**Task to complete:**
In your copy of the data, omit the pictures and keep all else exactly as given.

**Dataset extract:**
==================================================
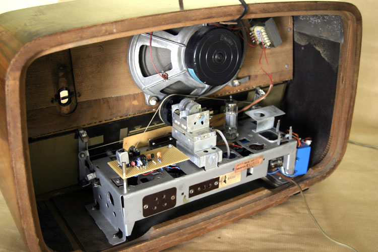 in den letzten paar Tagen hatte ich mal wieder mehr Zeit zum Basteln. Vor einiger Zeit habe ich einige DDR-Röhrenradios bekommen, darunter auch zwei Sekretär von Stern Radio Sonneberg. Äußerlich waren beide noch in gutem Zustand, innerlich aber schon halb verrottet, mit Fehlteilen, verbrannte Bandfilter und ähnliches. Kurzum ich habe aus 2 Radios wieder eines in den (spielenden) Originalzustand versetzen können. Vom Organspender aber war aber nicht mehr viel übrig, es diente daher als Bastelgrundlage.
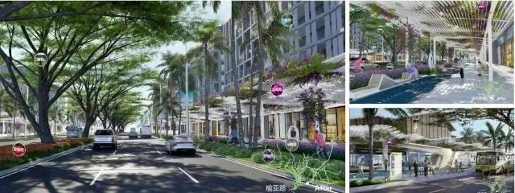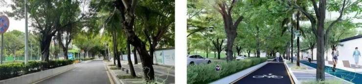 以植物藤架覆盖非机动车道和人行道,植物选用色彩明媚富有热带特色的花果,配合座椅等城市家具打造独具特色的街道空间。走走停停,赏花观果,遮挡烈日的同时又有趣味性和标志性。
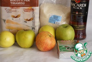 Приготовим продукты. Яблоки лучше брать крупные. Вместо рома можно использовать коньяк, бренди, крепкий ликер. Сахар я уменьшила от исходного рецепта, кто любит послаще, увеличивайте вдвое.
==================================================
**Response to the exercise:**
 in den letzten paar Tagen hatte ich mal wieder mehr Zeit zum Basteln. Vor einiger Zeit habe ich einige DDR-Röhrenradios bekommen, darunter auch zwei Sekretär von Stern Radio Sonneberg. Äußerlich waren beide noch in gutem Zustand, innerlich aber schon halb verrottet, mit Fehlteilen, verbrannte Bandfilter und ähnliches. Kurzum ich habe aus 2 Radios wieder eines in den (spielenden) Originalzustand versetzen können. Vom Organspender aber war aber nicht mehr viel übrig, es diente daher als Bastelgrundlage.
 以植物藤架覆盖非机动车道和人行道,植物选用色彩明媚富有热带特色的花果,配合座椅等城市家具打造独具特色的街道空间。走走停停,赏花观果,遮挡烈日的同时又有趣味性和标志性。
 Приготовим продукты. Яблоки лучше брать крупные. Вместо рома можно использовать коньяк, бренди, крепкий ликер. Сахар я уменьшила от исходного рецепта, кто любит послаще, увеличивайте вдвое.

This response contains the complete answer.